Task goal -> Could you transcribe the entries below exactly, starting at the line that contains "Step into the" and stopping at the last line, without any pictures?
══ Input data ══
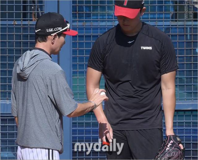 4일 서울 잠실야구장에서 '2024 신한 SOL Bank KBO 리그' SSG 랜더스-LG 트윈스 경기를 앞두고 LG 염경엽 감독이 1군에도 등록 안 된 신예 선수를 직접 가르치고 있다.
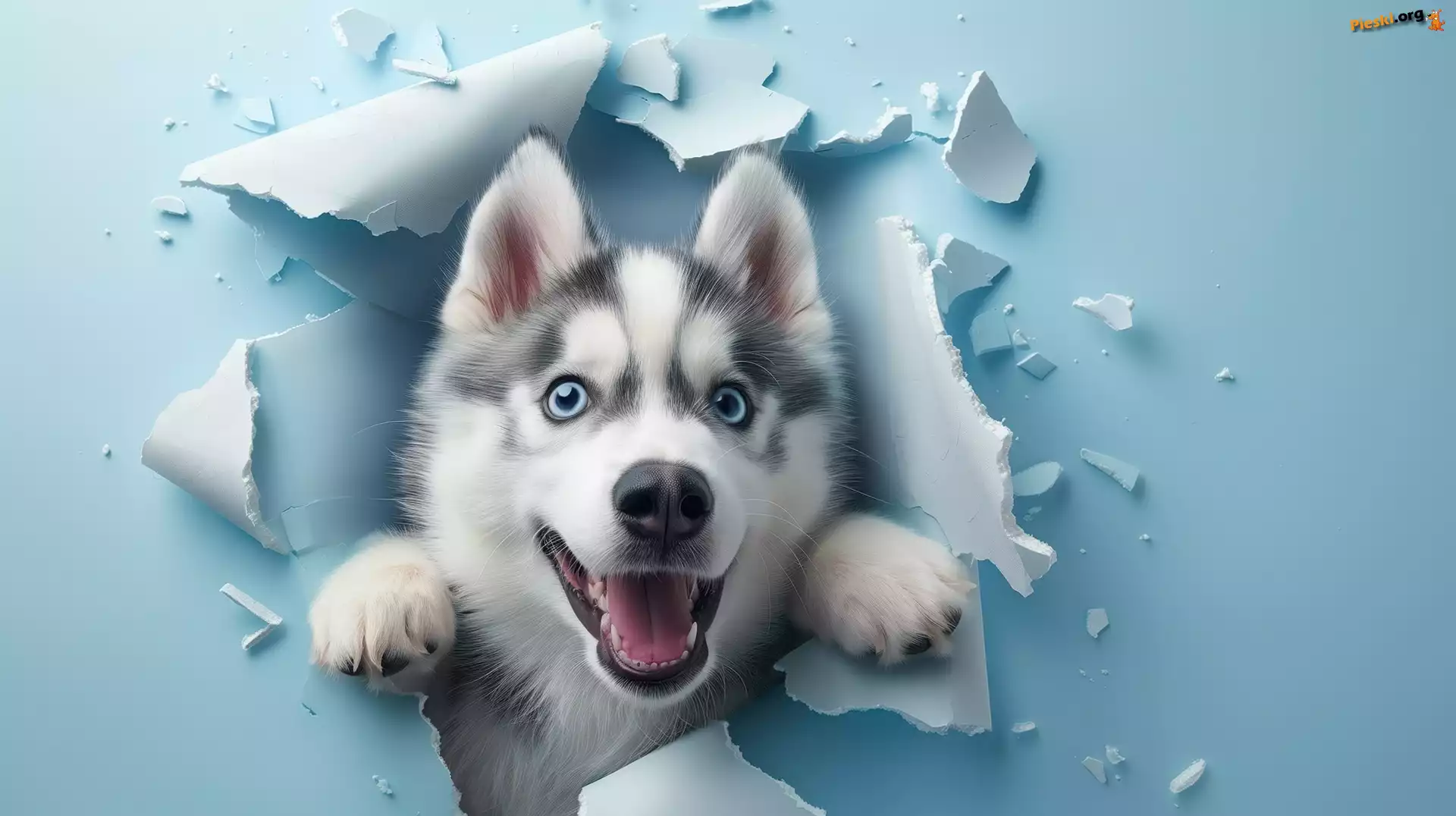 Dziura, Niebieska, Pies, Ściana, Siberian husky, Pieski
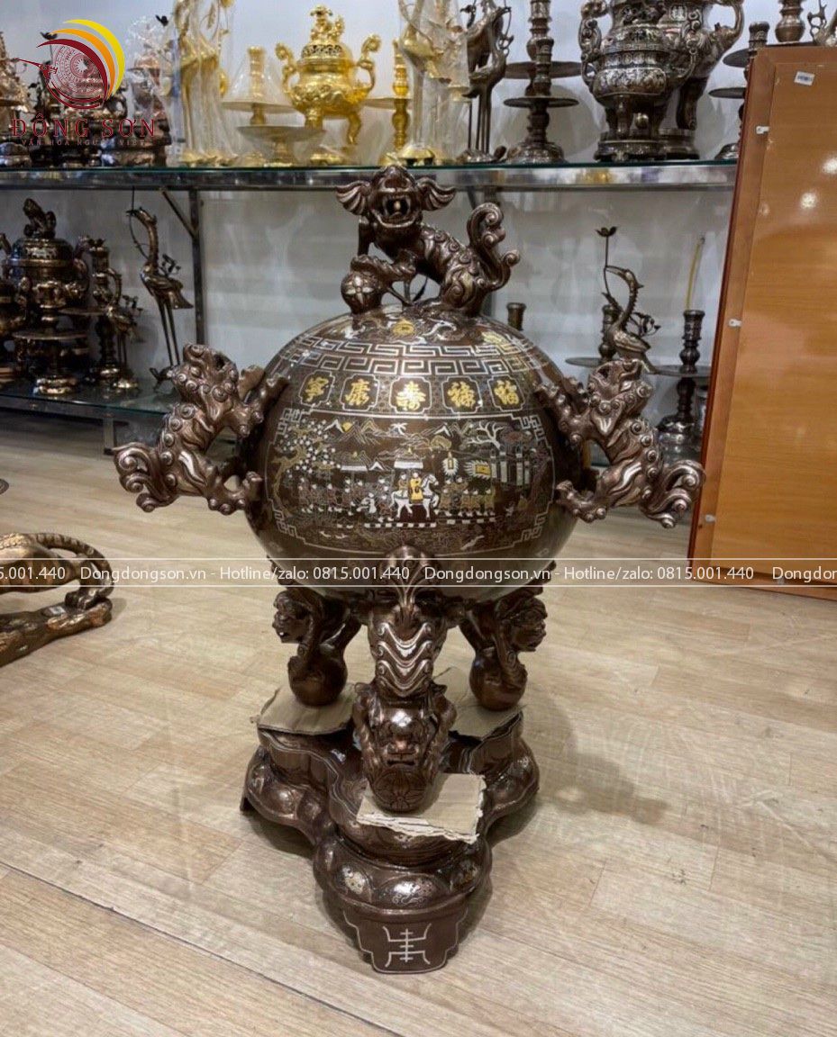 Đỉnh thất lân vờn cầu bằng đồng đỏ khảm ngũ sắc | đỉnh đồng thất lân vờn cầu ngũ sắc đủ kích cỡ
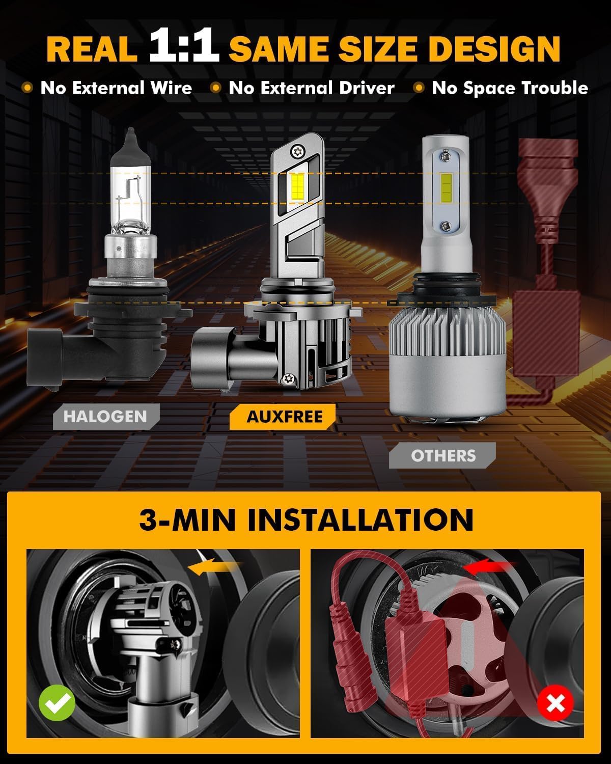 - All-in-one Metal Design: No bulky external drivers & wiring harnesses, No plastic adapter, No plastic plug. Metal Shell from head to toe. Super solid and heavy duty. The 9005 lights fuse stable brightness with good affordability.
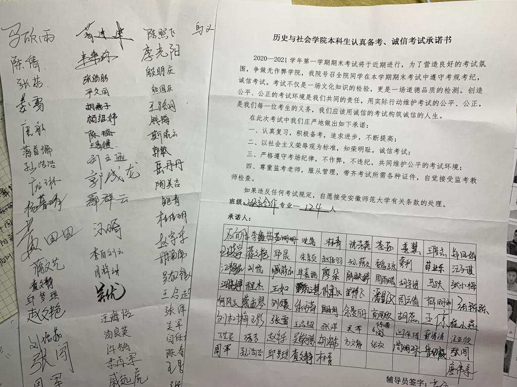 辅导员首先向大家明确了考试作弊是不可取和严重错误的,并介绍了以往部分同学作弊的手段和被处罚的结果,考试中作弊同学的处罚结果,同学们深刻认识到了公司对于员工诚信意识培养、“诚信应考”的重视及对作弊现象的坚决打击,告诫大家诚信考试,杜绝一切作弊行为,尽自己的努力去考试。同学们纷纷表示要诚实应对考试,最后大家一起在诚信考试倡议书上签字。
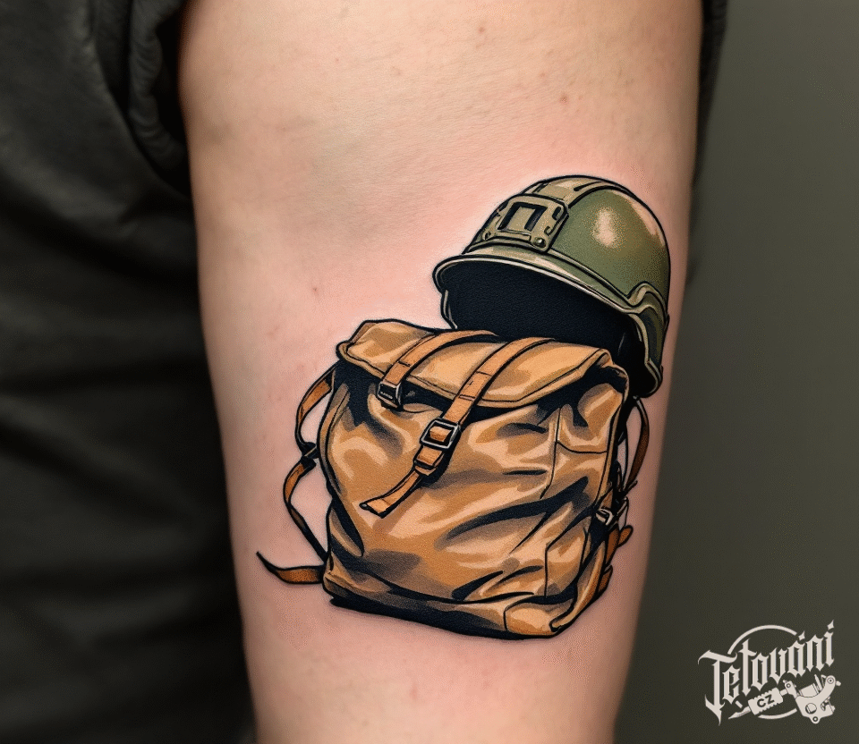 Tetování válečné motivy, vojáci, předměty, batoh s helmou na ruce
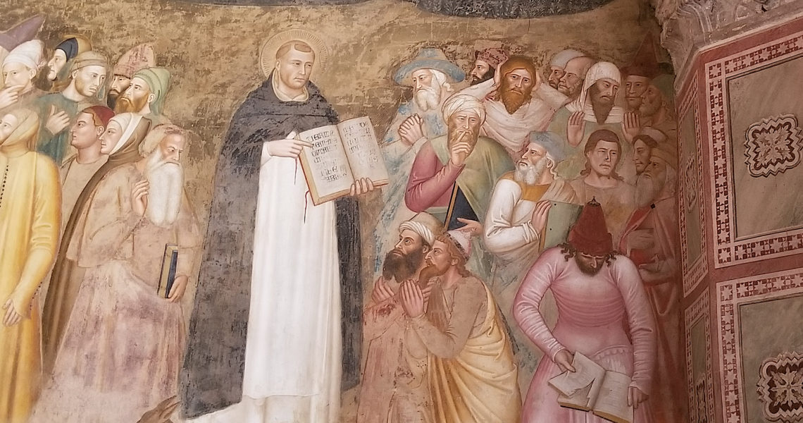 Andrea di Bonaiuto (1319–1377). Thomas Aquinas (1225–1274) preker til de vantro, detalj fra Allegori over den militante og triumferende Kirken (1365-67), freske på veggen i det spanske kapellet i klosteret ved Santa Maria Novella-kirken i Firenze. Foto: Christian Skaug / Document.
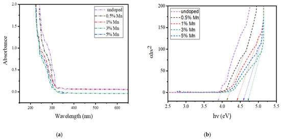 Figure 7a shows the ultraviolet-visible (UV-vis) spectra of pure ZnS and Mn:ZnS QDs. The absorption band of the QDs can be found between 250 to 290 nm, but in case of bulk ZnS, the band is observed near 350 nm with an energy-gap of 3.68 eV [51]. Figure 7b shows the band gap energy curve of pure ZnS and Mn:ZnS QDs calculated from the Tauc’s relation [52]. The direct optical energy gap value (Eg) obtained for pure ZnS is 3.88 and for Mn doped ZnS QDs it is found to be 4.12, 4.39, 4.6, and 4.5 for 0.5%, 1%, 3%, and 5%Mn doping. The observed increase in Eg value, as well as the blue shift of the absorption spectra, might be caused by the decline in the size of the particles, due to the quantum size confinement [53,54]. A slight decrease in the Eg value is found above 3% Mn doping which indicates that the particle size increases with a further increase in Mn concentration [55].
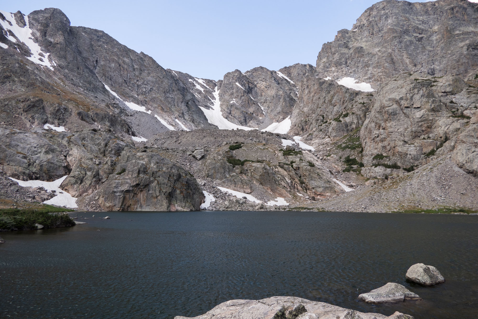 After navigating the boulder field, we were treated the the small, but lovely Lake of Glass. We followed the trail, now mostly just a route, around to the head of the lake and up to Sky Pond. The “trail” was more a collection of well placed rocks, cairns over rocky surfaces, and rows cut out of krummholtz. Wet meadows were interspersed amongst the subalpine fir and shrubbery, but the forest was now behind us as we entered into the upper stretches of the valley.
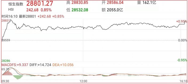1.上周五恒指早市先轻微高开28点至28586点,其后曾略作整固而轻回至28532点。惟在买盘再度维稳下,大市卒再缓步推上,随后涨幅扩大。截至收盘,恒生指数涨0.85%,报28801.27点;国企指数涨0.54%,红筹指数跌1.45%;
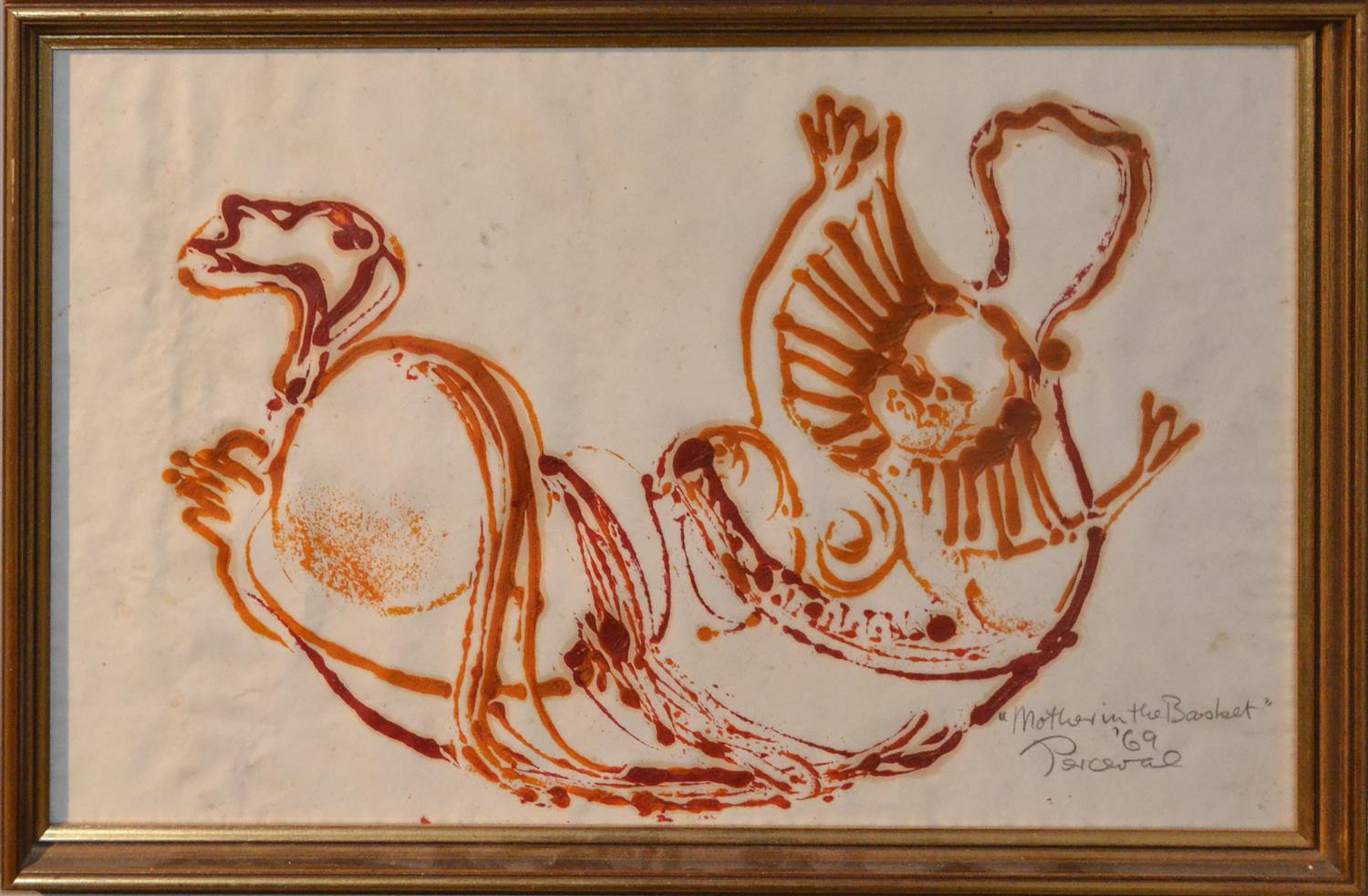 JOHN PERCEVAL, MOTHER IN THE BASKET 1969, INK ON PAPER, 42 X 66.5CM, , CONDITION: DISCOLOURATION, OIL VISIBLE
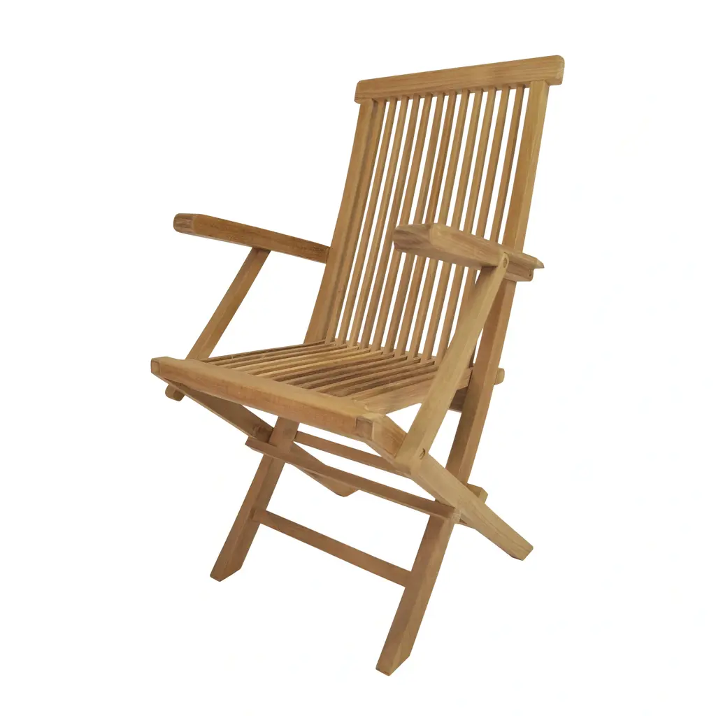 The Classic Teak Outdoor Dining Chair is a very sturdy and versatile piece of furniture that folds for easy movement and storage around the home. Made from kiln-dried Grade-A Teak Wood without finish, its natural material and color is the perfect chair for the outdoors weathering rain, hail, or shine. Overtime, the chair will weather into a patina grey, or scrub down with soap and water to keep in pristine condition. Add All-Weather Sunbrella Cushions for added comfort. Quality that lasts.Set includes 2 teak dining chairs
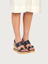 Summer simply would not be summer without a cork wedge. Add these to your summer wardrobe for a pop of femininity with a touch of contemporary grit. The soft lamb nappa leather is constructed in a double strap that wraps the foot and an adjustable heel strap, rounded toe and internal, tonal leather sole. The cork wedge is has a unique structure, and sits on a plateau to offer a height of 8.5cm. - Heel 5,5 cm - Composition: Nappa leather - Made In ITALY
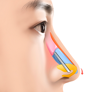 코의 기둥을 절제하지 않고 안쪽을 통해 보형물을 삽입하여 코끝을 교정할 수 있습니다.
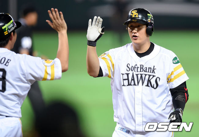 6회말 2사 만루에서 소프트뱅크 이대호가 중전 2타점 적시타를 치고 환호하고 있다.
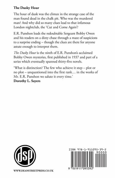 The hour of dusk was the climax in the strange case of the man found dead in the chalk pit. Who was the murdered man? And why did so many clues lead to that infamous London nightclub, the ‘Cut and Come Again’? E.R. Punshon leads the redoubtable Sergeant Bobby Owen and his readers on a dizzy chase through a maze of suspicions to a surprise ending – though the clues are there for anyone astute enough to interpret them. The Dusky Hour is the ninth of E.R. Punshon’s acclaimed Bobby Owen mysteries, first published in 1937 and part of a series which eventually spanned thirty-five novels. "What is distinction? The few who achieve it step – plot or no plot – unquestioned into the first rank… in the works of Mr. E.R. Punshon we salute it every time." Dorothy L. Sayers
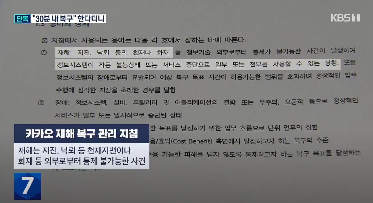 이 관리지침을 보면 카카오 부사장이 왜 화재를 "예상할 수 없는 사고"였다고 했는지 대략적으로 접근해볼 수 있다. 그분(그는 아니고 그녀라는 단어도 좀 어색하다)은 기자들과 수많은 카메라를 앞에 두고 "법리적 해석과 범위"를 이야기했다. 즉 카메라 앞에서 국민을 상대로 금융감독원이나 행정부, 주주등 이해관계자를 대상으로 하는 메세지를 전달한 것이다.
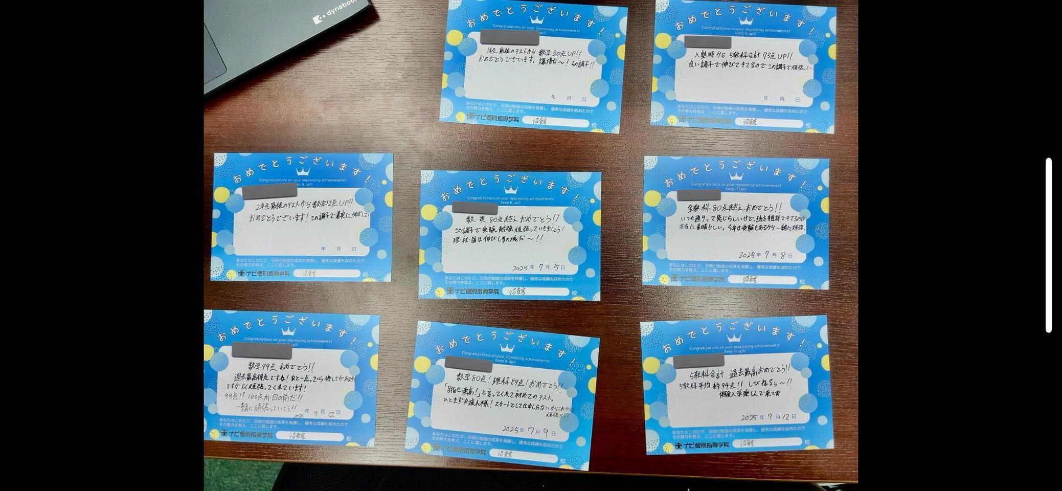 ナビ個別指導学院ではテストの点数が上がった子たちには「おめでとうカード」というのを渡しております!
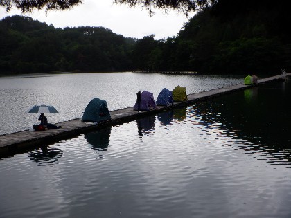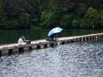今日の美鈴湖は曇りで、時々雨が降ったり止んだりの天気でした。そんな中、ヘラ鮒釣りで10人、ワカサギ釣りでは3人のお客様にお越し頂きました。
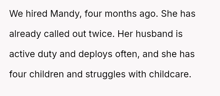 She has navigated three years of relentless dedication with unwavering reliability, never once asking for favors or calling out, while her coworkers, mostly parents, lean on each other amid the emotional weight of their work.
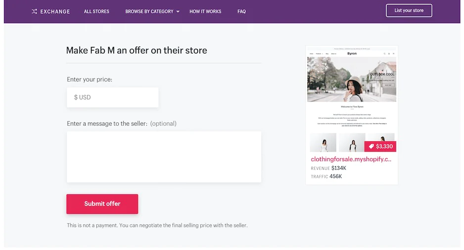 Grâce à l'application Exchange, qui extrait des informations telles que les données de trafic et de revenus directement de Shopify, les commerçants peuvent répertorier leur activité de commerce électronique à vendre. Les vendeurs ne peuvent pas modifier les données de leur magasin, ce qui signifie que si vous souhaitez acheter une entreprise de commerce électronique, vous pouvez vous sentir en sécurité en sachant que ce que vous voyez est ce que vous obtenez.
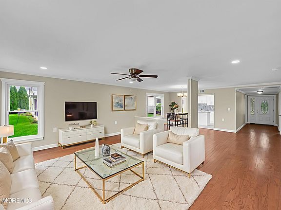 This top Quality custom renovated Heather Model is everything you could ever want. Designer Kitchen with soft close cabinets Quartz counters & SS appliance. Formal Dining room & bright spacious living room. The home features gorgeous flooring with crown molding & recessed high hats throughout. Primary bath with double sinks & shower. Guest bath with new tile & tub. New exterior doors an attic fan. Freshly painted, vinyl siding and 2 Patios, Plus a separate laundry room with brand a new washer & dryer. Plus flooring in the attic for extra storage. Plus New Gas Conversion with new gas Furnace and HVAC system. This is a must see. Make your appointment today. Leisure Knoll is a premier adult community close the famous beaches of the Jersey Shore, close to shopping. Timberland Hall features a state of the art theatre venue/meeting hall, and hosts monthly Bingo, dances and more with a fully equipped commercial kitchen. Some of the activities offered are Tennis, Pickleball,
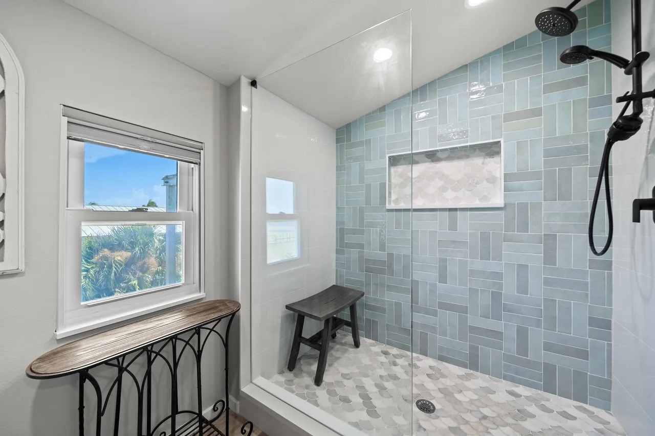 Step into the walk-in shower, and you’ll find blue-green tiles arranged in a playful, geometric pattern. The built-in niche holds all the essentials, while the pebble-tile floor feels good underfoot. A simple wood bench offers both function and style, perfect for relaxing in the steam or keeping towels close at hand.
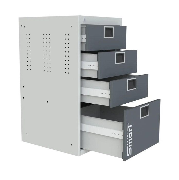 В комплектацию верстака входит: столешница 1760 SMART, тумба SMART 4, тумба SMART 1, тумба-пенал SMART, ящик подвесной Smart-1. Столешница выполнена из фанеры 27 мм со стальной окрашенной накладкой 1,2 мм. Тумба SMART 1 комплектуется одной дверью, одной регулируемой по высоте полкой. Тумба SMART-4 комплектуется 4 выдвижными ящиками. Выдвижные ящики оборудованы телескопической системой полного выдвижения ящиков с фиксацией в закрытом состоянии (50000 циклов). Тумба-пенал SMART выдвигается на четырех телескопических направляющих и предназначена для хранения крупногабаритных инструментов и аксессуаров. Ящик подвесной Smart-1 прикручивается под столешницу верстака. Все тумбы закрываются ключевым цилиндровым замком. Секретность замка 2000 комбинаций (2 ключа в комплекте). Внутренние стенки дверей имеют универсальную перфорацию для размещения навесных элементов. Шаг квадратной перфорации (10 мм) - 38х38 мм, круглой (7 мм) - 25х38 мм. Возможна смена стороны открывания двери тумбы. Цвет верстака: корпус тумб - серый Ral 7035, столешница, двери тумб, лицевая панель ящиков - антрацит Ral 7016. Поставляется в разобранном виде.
═══
Written solution ->
 Step into the walk-in shower, and you’ll find blue-green tiles arranged in a playful, geometric pattern. The built-in niche holds all the essentials, while the pebble-tile floor feels good underfoot. A simple wood bench offers both function and style, perfect for relaxing in the steam or keeping towels close at hand.
 В комплектацию верстака входит: столешница 1760 SMART, тумба SMART 4, тумба SMART 1, тумба-пенал SMART, ящик подвесной Smart-1. Столешница выполнена из фанеры 27 мм со стальной окрашенной накладкой 1,2 мм. Тумба SMART 1 комплектуется одной дверью, одной регулируемой по высоте полкой. Тумба SMART-4 комплектуется 4 выдвижными ящиками. Выдвижные ящики оборудованы телескопической системой полного выдвижения ящиков с фиксацией в закрытом состоянии (50000 циклов). Тумба-пенал SMART выдвигается на четырех телескопических направляющих и предназначена для хранения крупногабаритных инструментов и аксессуаров. Ящик подвесной Smart-1 прикручивается под столешницу верстака. Все тумбы закрываются ключевым цилиндровым замком. Секретность замка 2000 комбинаций (2 ключа в комплекте). Внутренние стенки дверей имеют универсальную перфорацию для размещения навесных элементов. Шаг квадратной перфорации (10 мм) - 38х38 мм, круглой (7 мм) - 25х38 мм. Возможна смена стороны открывания двери тумбы. Цвет верстака: корпус тумб - серый Ral 7035, столешница, двери тумб, лицевая панель ящиков - антрацит Ral 7016. Поставляется в разобранном виде.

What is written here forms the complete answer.